Peter McCormack: HODL, I was just saying to Preston, I was talking through the point with MicroStrategy, you know, when it first did the $450 million, a lot of companies were thinking, "Woah, what are you up to?  That's a lot of money to be putting into Bitcoin; that's a bit risky".  And that first purchase looks great, and then the convertible note again, whatever it was; I can't remember what the number was.  But again, "Woah, what is he up to?"  Looks like a really smart decision now. 

I'm wondering who is the MicroStrategy of nation states, because whoever does it first, like really does it, announces it; maybe they don't want to announce it, but if they do and they do it at $40,000, $50,000, the central banks have bought it, or whatever country -- and I'm talking about outside.  Let's just forget the fact that Iran and Venezuela and North Korea, or whoever's mining it because they've got free energy; I'm talking about a legitimate use by government.  And I'm thinking, is it a Chile; is it a Belgium; whoever, I don't care who it is; but the first one who does it is going to be the envy of all other nation states.

Then possibly, does it then become a war.  Other countries are saying, "Well, they've done it, we're too late, so we're going to ban it".  How does that all play out?

American HODL: Man, there's been a long sort of held belief in Bitcoin that the first central banks to adopt it are going to be the small and irrelevant central banks; and to some degree, that probably is already happening and we just maybe are not aware of it.  But, I've been hearing chatter, like I've been hanging out a lot on Clubhouse.  People are a lot more free on Clubhouse than they are on Twitter, and high-level people have been willing to tell me things. 
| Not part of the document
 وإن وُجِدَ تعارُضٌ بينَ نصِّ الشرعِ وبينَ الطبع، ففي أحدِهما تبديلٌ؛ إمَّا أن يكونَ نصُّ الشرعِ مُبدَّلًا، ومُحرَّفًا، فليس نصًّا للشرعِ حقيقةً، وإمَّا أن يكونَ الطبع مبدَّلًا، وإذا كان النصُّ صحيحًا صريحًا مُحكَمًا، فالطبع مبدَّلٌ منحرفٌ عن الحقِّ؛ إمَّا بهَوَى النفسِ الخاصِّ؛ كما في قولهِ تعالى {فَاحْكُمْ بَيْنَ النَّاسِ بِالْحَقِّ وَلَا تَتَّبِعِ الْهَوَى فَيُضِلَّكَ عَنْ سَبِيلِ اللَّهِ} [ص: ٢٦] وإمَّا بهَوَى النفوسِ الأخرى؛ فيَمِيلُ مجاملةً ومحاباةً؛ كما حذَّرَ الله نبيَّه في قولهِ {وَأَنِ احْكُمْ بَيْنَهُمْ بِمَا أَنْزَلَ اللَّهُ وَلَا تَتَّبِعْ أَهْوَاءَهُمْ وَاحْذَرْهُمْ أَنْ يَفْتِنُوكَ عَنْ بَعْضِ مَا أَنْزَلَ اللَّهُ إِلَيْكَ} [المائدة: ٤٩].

So, this is all hearsay; I don't know anything.  But, I've been hearing that there's high-level consideration going on inside the Federal Reserve, and I've been hearing that from sources that are reputable.  And so, you kind of start to think, is the Federal Reserve going to take a position sooner rather than later; and it's almost like the Bitcoin and the dollar team up together to take down the world's shitcoins?  I don't know if that's going to happen, but I'm starting to see something like that happening.

All this Wall Street involvement, like major American corporations, like Tesla putting it on the balance sheet, none of this escapes the Fed.  They're not stupid; they're thinking about this.  We don't know what they're going to do yet, we don't know what their play is, but I think it might surprise a lot of us.
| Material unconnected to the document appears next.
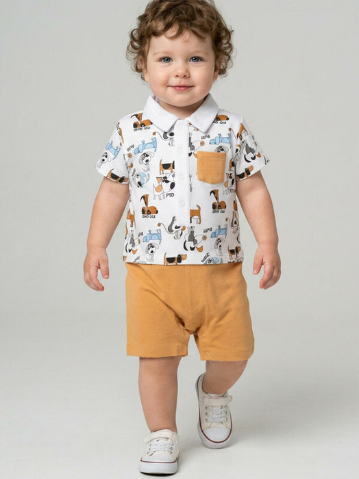 Детский песочник для малыша. Верх оформлен как рубашка с отложным воротником и короткими рукавами, а низ — как однотонные шорты. Спереди есть накладной кармашек и планка на кнопках для удобства переодевания. В нижней части предусмотрены кнопки для быстрого переодевания. Материал — мягкий, хлопковый трикотаж интерлок. Верх украшен ярким принтом с собаками и надписями.

Peter McCormack: Well, I wish we all had their ability to just print dollars and buy Bitcoin, because they could; they could print $10 billion and just go and buy $10 billion of Bitcoin.  We can't do that; they can, and they have that ability.

American HODL: Exactly.

Preston Pysh: From a strategic standpoint, you're crazy to not be implementing that right now, for every country in the world, because no one's currency is backed by anything.  So, if they're not doing that, they're just asleep at the wheel.

American HODL: Because it's like, you have to put Bitcoin on your balance sheet in order to stave off speculative attack; you just have to, especially if you're a country that's vulnerable to speculative attack.  You could see a country like Nigeria, right?  They had a pretty draconian action against Bitcoin, because they're scared of a scenario like that occurring. 
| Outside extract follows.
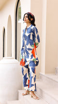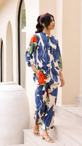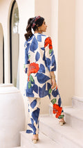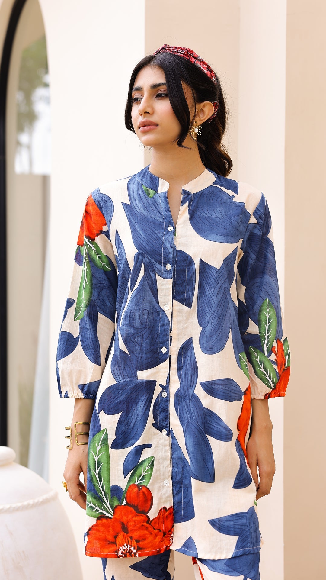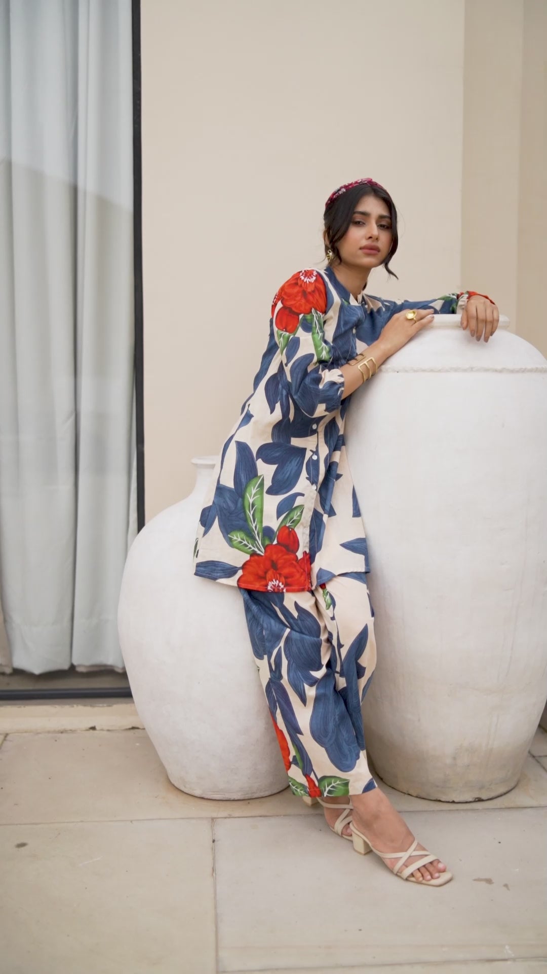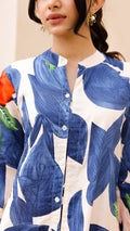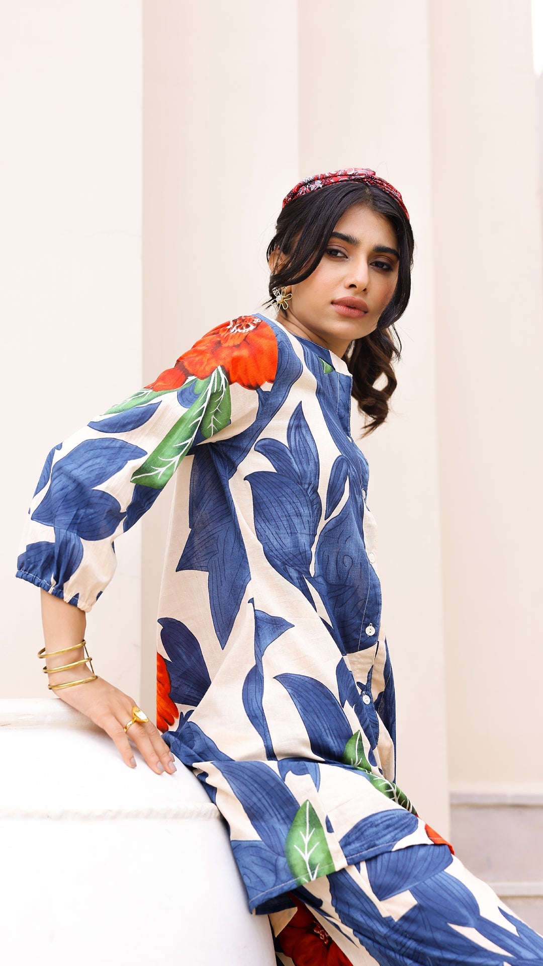 Turn heads with this ivory co-ord set featuring bold blue leaf prints and vibrant red floral accents. Designed in breathable cotton-linen, the kurta features a mandarin collar and button-down front with balloon sleeves, paired with matching straight-fit pants. Perfect for summer brunches or vacation wear.

But I think the Nigerian population understands, whether the Nigerian government does or does not understand, that they have no ability to control it.  They only have the ability to control their citizens.  They can throw their citizens in cages, but they can't stop Bitcoin from permeating their borders; they just can't.  It's effervescent, it's omnipresent; Bitcoin is everywhere.

Peter McCormack: But if the Fed does it, isn't that a speculative attack on its own currency?

Preston Pysh: I would say yes, but at the same time, if you know you're going to be devoured, I think it was Steve Jobs that said, "You have to cannibalise yourself in Silicon Valley, because if you don't, you're going to die".  And, I see this as being a very similar thing.  You can continue to hold onto the past and tell yourself that this isn't going to happen, or you can cannibalise yourself and try to have the best positioning that would be possible in this new world that you're moving into.

I mean, tech is now stepping itself into government money and if you're not going to play the game and cannibalise yourself, you're going to be very far back from where you used to be, as far as the power that you used to wield.

American HODL: This is a common bull cycle FUD surrounding Bitcoin, that governments are going to ban Bitcoin.  You heard it.  Mike Green versus Nic Carter was a great example of that.  Mike Green went out calling Nic Carter basically a terrorist and a criminal.  I mean, that was the craziest interview I'd ever heard, and I thought Nic did a tremendous job on that.  But, you're hearing this, "Governments will ban Bitcoin" from everyone, all across the board.  And, it's this weird fear reaction that I don't think looks logically at the situation.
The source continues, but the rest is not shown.